Less is more in strata law reform

To mark the 50th anniversary this year of the first strata title laws in this country, I am presently reading, ‘Strata Titles’, Rath Grimes and Moore, 1962. It is a handbook about The Conveyancing (Strata Titles) Act 1961.

The foreword by his Honour B.P. Macfarlan begins:

‘The dynamic growth of Sydney in recent years has created many problems. Not the least of these has been the demand for increased domestic and professional accommodation in the city and inner suburbs.’

The insurance provisions contain three sections; one about the duty to insure the whole building, another about mortgagors interests and a third about applying the proceeds in the event of destruction. The note says this is perhaps the most difficult section with which the Act was required to deal.

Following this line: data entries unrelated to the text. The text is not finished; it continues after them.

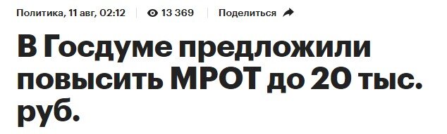 До выборов остается совсем немного, а потому в ход начинают идти главные козыри. Так, депутаты из ЛДПР вносят в Госдуму законопроект о повышении минимального размера оплаты труда до 20 тысяч рублей с 2022 года. Напомню, что сейчас МРОТ составляет 12 792 рубля, а повышают его примерно на 5% ежегодно. Причем, есть специальная методика пересмотра МРОТ: он устанавливается в размере 42% от средней медианной зарплаты за предыдущий год. На 2022 год его планируют установить в размере 13 617 рублей.
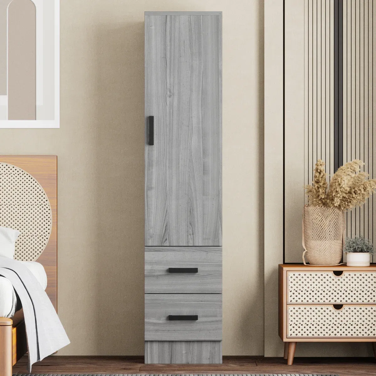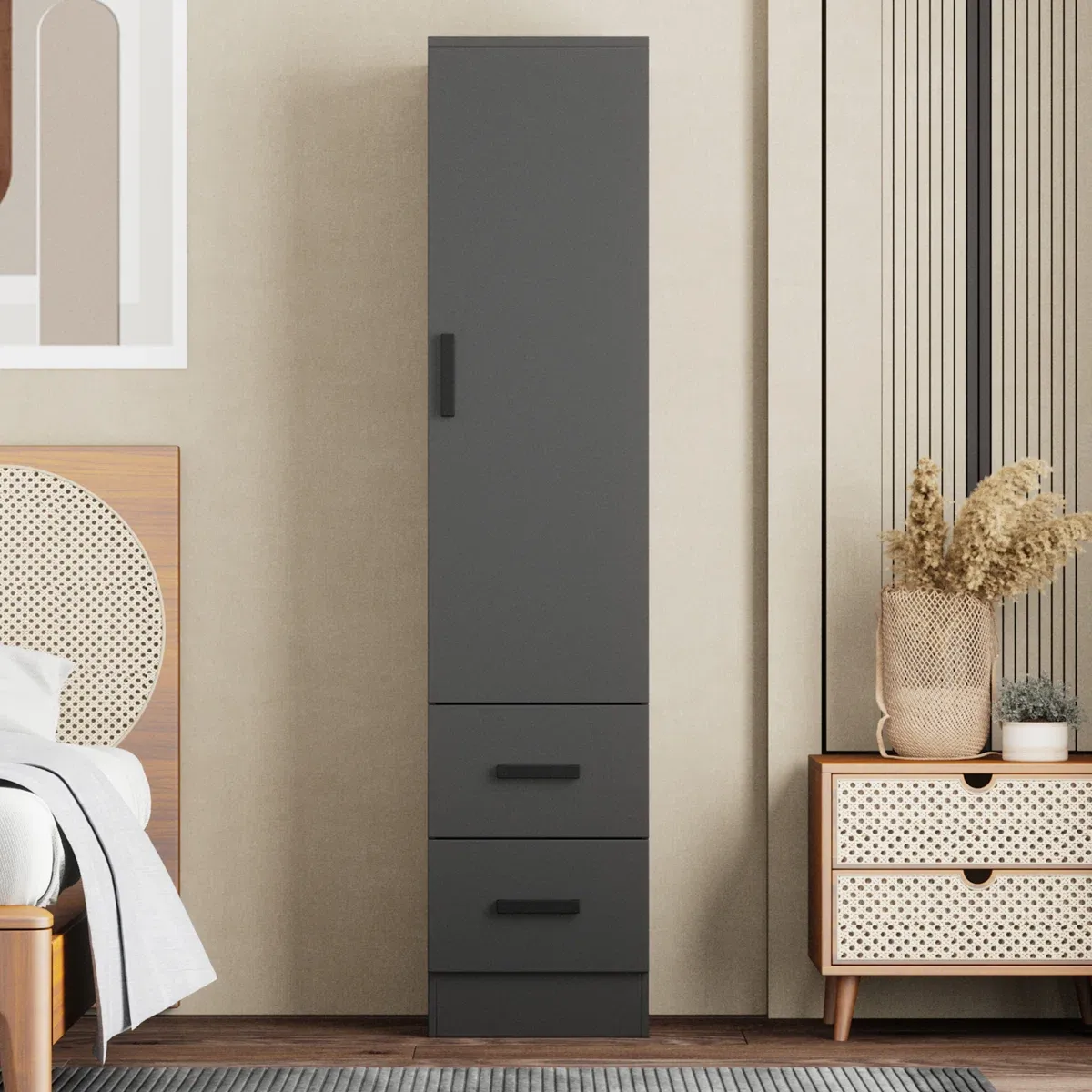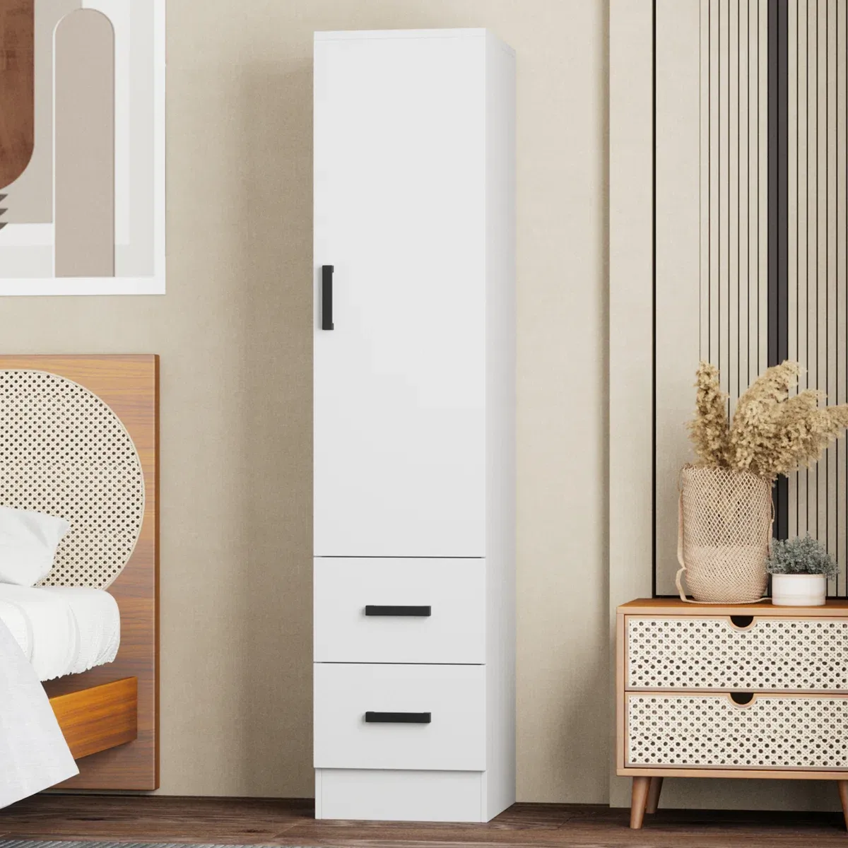 Single-Door Wardrobe With Shelves and 2 Drawers
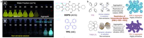 (a) Photographs of ACQ and AIE molecules in the mixture of water/THF with different water fractions under 365 nm of UV light irradiation (reproduced with the permission from Ref. []. Copyright 2018, American Chemical Society); (b) schematic illustration of RIM mechanism, including restriction of intramolecular rotation and restriction of intramolecular vibration. (Reproduced with the permission from Ref. []. Copyright 2014, WILEY-VCH Verlag GmbH & Co. KGaA, Weinheim).
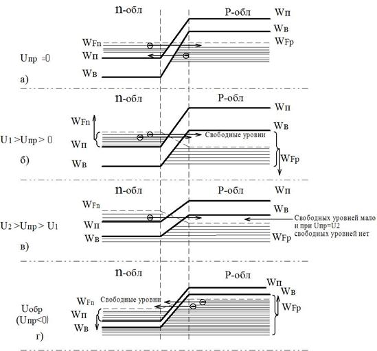 (рис.б), энергетическая диаграмма полупроводников n-типа поднимется вверх, а p -типа – опустится вниз. В этом случае уровни некоторых электронов n -области расположатся против свободных уровней валентной зоны p-области, и возникнут условия для туннельного перехода электронов из электронного полупроводника в дырочный.
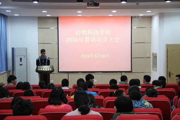 为积极备战校运动会,号召鼓励更多同学“走下网络、走出宿舍、走向操场”,3月18日,我院于动科楼107会议室举行2016年春训动员大会。我院体育辅导员任启俊、王斌,团工委书记李锐,辅导员张士军,100余名春训队员参加了此次大会。
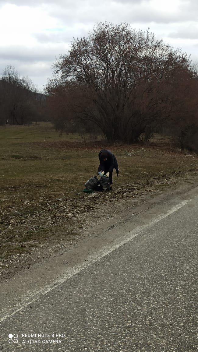 Сегодня 1 апреля 2021 года работники ГБДОУ № 26 провели уборку закрепеленной территории по въездной дороге с.Элистанжи от мусора.
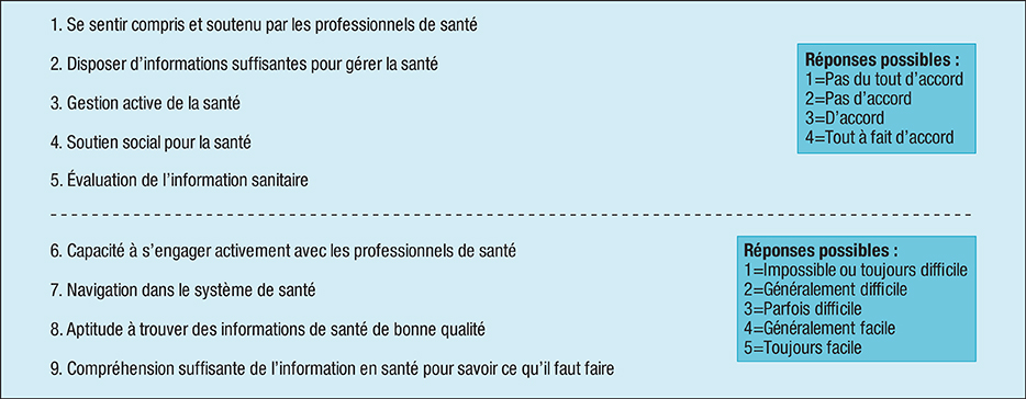 Les femmes enceintes ont été interrogées via le Health Literacy Questionnaire (HLQ), auto-questionnaire mesurant le niveau de littératie en santé, à partir des perceptions des personnes interrogées et de leurs capacités à évoluer au sein de leur environnement. C’est un questionnaire multidimensionnel, aux propriétés psychométriques validées 10. Il est considéré comme un Proms générique (Patient-reported outcomes measures). Son accès est soumis à licence. Il se compose de 44 questions courtes avec un vocabulaire simple, réparties en neuf échelles indépendantes. Les réponses sont au format d’une échelle de Likert à quatre ou cinq propositions permettant un système de notation sémantique (score de 1 à 4 ou 5) (encadré 1). Un score par échelle est ainsi calculé permettant d’identifier les forces et faiblesses en littératie en santé. Afin de décrire la population des femmes, 12 questions sociodémographiques ont été ajoutées.
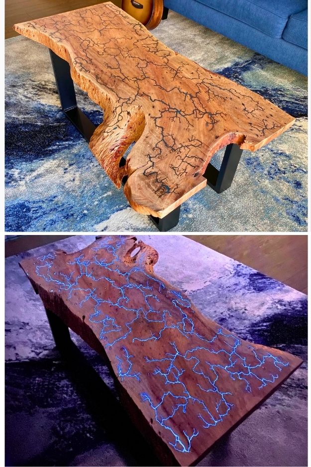 Alan314’s glowing coffee table feels like something straight out of a fantasy movie, the kind of piece that could light up on its own when danger’s near. It’s made using fractal wood burning, a technique where high-voltage electricity etches branching, lightning-like veins into the wood, then filled with epoxy mixed with glow pigment. It’s stunning, but also a little wild knowing how risky that process can be.
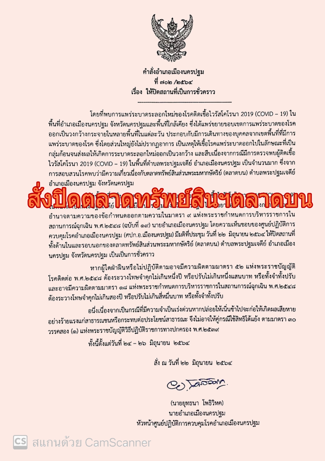 นครปฐม-ประกาศปิดตลาดทรัพย์สินส่วนพระมหากษัตริย์-ตลาดบน ในวันที่ 24-26 มิถุนายน 2564

Queensland now has no fewer than 25 sections of its laws to do the same job, New South Wales, 20, Victoria, 13 and ACT, 11.

Other than requiring valuations at least every 5 years and the laudable Queensland practice of compelling disclosure of insurance details at each AGM, the reforms of the last 50 years are unnecessary. They complicate the very simple proposition that the whole building must be insured for the collective good for no discernible benefit. Indeed by trying too hard, for example in Queensland by allowing for adjustments of premium contributions for different use, the reforms promote disputation.

Even the two reforms that seem like good ideas didn’t need legislation. The first statutory obligations for strata required replacement value insurance. Common sense and the fear of lawsuit for underinsurance should be incentive enough for regular valuations and disclosure at the AGM costs nothing and promotes continual awareness of joint ownership rights and responsibilities.

More laws equal less responsibility. Join me in the fight against unnecessary law reform.